* ACTIVITY *
The answer must repeat every record exactly, with all pictures omitted.

* SUPPLIED RECORDS *
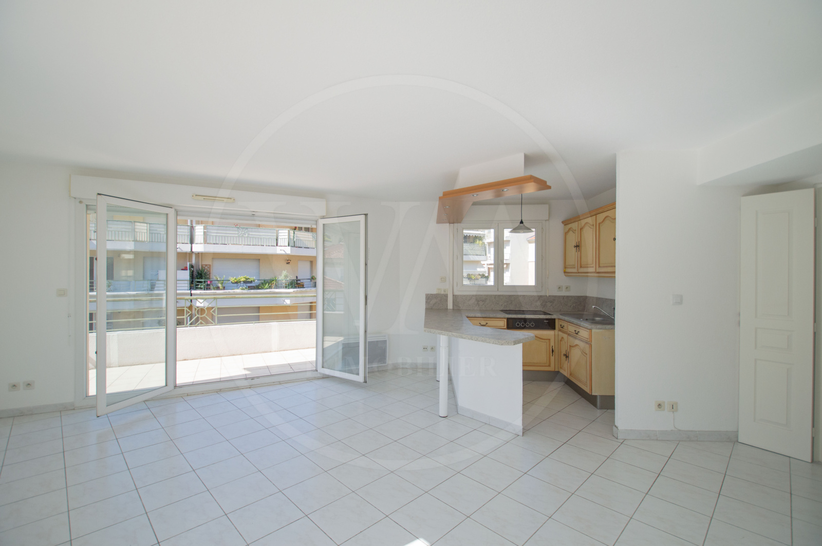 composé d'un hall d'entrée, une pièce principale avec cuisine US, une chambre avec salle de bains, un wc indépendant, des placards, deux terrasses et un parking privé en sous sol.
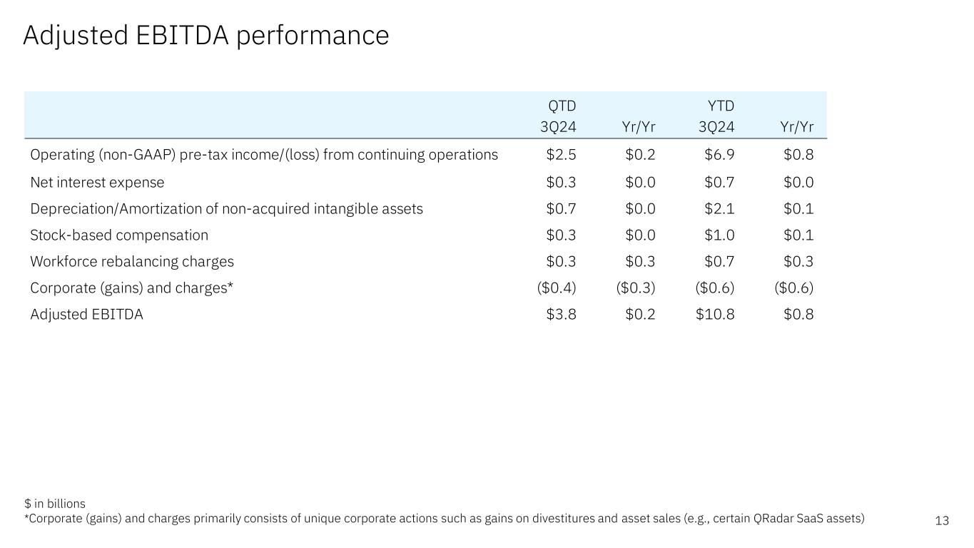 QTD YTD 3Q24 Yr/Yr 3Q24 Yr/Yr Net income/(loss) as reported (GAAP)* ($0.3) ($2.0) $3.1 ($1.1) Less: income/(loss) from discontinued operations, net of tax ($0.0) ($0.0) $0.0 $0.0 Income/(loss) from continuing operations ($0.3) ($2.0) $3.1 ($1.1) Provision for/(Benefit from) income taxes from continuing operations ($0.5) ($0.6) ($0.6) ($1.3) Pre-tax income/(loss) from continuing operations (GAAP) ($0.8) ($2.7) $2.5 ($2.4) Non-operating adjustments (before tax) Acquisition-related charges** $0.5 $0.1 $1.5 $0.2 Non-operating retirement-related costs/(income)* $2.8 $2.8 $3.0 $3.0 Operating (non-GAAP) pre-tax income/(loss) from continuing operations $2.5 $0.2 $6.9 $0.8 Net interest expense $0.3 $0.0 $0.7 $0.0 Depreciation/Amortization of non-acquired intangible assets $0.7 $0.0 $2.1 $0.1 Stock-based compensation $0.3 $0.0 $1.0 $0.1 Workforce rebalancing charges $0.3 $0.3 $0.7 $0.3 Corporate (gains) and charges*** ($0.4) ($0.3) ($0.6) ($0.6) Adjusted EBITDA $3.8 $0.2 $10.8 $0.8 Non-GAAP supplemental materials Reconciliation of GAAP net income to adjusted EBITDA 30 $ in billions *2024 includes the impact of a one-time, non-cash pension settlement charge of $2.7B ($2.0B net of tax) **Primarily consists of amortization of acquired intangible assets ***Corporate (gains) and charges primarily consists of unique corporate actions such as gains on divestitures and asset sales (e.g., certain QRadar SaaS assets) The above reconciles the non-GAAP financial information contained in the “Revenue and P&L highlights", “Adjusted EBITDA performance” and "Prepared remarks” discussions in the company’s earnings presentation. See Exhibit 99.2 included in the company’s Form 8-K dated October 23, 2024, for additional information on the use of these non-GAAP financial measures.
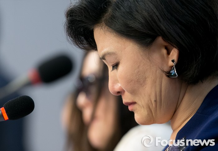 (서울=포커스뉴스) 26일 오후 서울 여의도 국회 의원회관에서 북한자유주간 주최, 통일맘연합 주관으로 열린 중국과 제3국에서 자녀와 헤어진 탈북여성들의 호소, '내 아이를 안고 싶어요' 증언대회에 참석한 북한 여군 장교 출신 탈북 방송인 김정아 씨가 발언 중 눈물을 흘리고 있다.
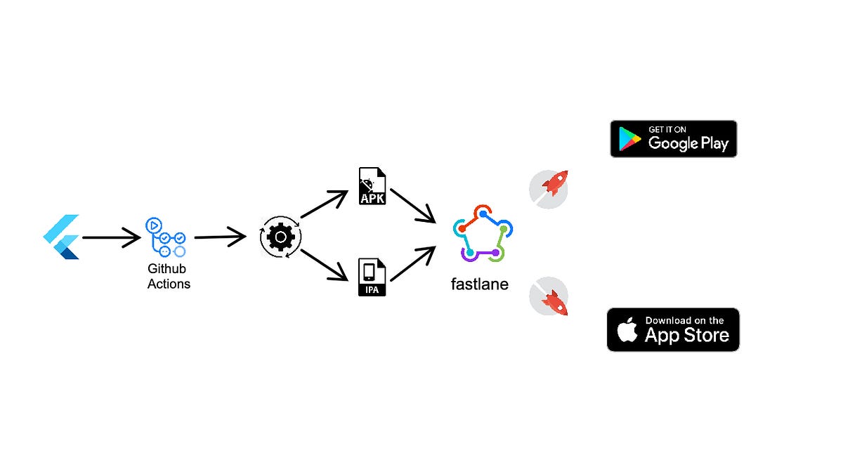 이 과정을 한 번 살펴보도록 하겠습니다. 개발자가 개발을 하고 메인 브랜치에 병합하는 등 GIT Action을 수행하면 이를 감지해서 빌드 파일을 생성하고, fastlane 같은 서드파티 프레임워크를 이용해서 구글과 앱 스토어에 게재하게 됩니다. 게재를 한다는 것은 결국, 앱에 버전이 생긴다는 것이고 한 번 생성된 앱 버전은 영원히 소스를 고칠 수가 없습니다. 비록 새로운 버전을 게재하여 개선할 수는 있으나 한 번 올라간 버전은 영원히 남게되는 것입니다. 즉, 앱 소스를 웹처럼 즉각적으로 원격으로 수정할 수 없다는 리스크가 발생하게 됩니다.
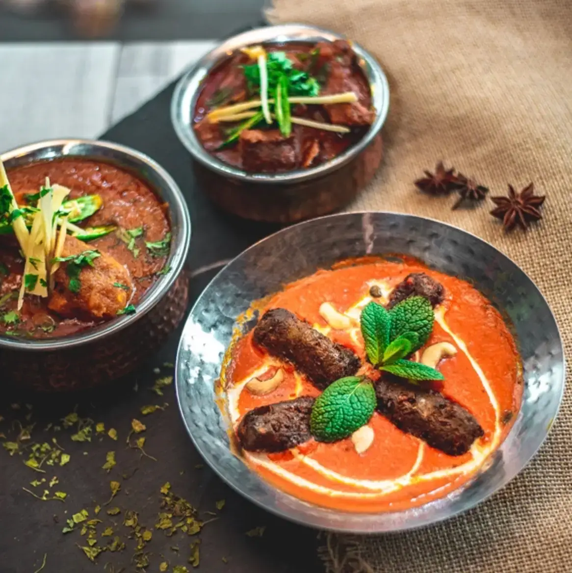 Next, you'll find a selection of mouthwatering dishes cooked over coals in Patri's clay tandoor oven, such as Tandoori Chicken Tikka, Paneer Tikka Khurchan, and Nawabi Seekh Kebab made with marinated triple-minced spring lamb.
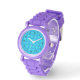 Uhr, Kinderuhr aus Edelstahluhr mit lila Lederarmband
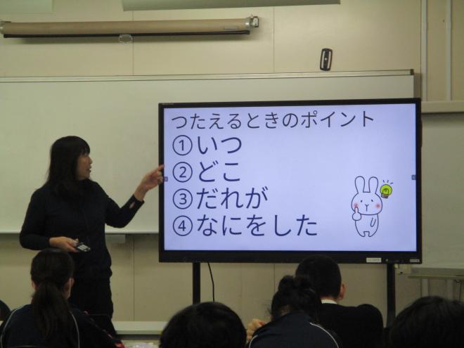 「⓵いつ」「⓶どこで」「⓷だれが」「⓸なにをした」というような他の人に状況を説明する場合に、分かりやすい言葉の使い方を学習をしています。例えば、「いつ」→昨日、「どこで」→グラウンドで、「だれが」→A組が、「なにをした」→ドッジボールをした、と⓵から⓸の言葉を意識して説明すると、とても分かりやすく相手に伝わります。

* TASK RESULT *
 composé d'un hall d'entrée, une pièce principale avec cuisine US, une chambre avec salle de bains, un wc indépendant, des placards, deux terrasses et un parking privé en sous sol.
 QTD YTD 3Q24 Yr/Yr 3Q24 Yr/Yr Net income/(loss) as reported (GAAP)* ($0.3) ($2.0) $3.1 ($1.1) Less: income/(loss) from discontinued operations, net of tax ($0.0) ($0.0) $0.0 $0.0 Income/(loss) from continuing operations ($0.3) ($2.0) $3.1 ($1.1) Provision for/(Benefit from) income taxes from continuing operations ($0.5) ($0.6) ($0.6) ($1.3) Pre-tax income/(loss) from continuing operations (GAAP) ($0.8) ($2.7) $2.5 ($2.4) Non-operating adjustments (before tax) Acquisition-related charges** $0.5 $0.1 $1.5 $0.2 Non-operating retirement-related costs/(income)* $2.8 $2.8 $3.0 $3.0 Operating (non-GAAP) pre-tax income/(loss) from continuing operations $2.5 $0.2 $6.9 $0.8 Net interest expense $0.3 $0.0 $0.7 $0.0 Depreciation/Amortization of non-acquired intangible assets $0.7 $0.0 $2.1 $0.1 Stock-based compensation $0.3 $0.0 $1.0 $0.1 Workforce rebalancing charges $0.3 $0.3 $0.7 $0.3 Corporate (gains) and charges*** ($0.4) ($0.3) ($0.6) ($0.6) Adjusted EBITDA $3.8 $0.2 $10.8 $0.8 Non-GAAP supplemental materials Reconciliation of GAAP net income to adjusted EBITDA 30 $ in billions *2024 includes the impact of a one-time, non-cash pension settlement charge of $2.7B ($2.0B net of tax) **Primarily consists of amortization of acquired intangible assets ***Corporate (gains) and charges primarily consists of unique corporate actions such as gains on divestitures and asset sales (e.g., certain QRadar SaaS assets) The above reconciles the non-GAAP financial information contained in the “Revenue and P&L highlights", “Adjusted EBITDA performance” and "Prepared remarks” discussions in the company’s earnings presentation. See Exhibit 99.2 included in the company’s Form 8-K dated October 23, 2024, for additional information on the use of these non-GAAP financial measures.
 (서울=포커스뉴스) 26일 오후 서울 여의도 국회 의원회관에서 북한자유주간 주최, 통일맘연합 주관으로 열린 중국과 제3국에서 자녀와 헤어진 탈북여성들의 호소, '내 아이를 안고 싶어요' 증언대회에 참석한 북한 여군 장교 출신 탈북 방송인 김정아 씨가 발언 중 눈물을 흘리고 있다.
 이 과정을 한 번 살펴보도록 하겠습니다. 개발자가 개발을 하고 메인 브랜치에 병합하는 등 GIT Action을 수행하면 이를 감지해서 빌드 파일을 생성하고, fastlane 같은 서드파티 프레임워크를 이용해서 구글과 앱 스토어에 게재하게 됩니다. 게재를 한다는 것은 결국, 앱에 버전이 생긴다는 것이고 한 번 생성된 앱 버전은 영원히 소스를 고칠 수가 없습니다. 비록 새로운 버전을 게재하여 개선할 수는 있으나 한 번 올라간 버전은 영원히 남게되는 것입니다. 즉, 앱 소스를 웹처럼 즉각적으로 원격으로 수정할 수 없다는 리스크가 발생하게 됩니다.
 Next, you'll find a selection of mouthwatering dishes cooked over coals in Patri's clay tandoor oven, such as Tandoori Chicken Tikka, Paneer Tikka Khurchan, and Nawabi Seekh Kebab made with marinated triple-minced spring lamb.
 Uhr, Kinderuhr aus Edelstahluhr mit lila Lederarmband
 「⓵いつ」「⓶どこで」「⓷だれが」「⓸なにをした」というような他の人に状況を説明する場合に、分かりやすい言葉の使い方を学習をしています。例えば、「いつ」→昨日、「どこで」→グラウンドで、「だれが」→A組が、「なにをした」→ドッジボールをした、と⓵から⓸の言葉を意識して説明すると、とても分かりやすく相手に伝わります。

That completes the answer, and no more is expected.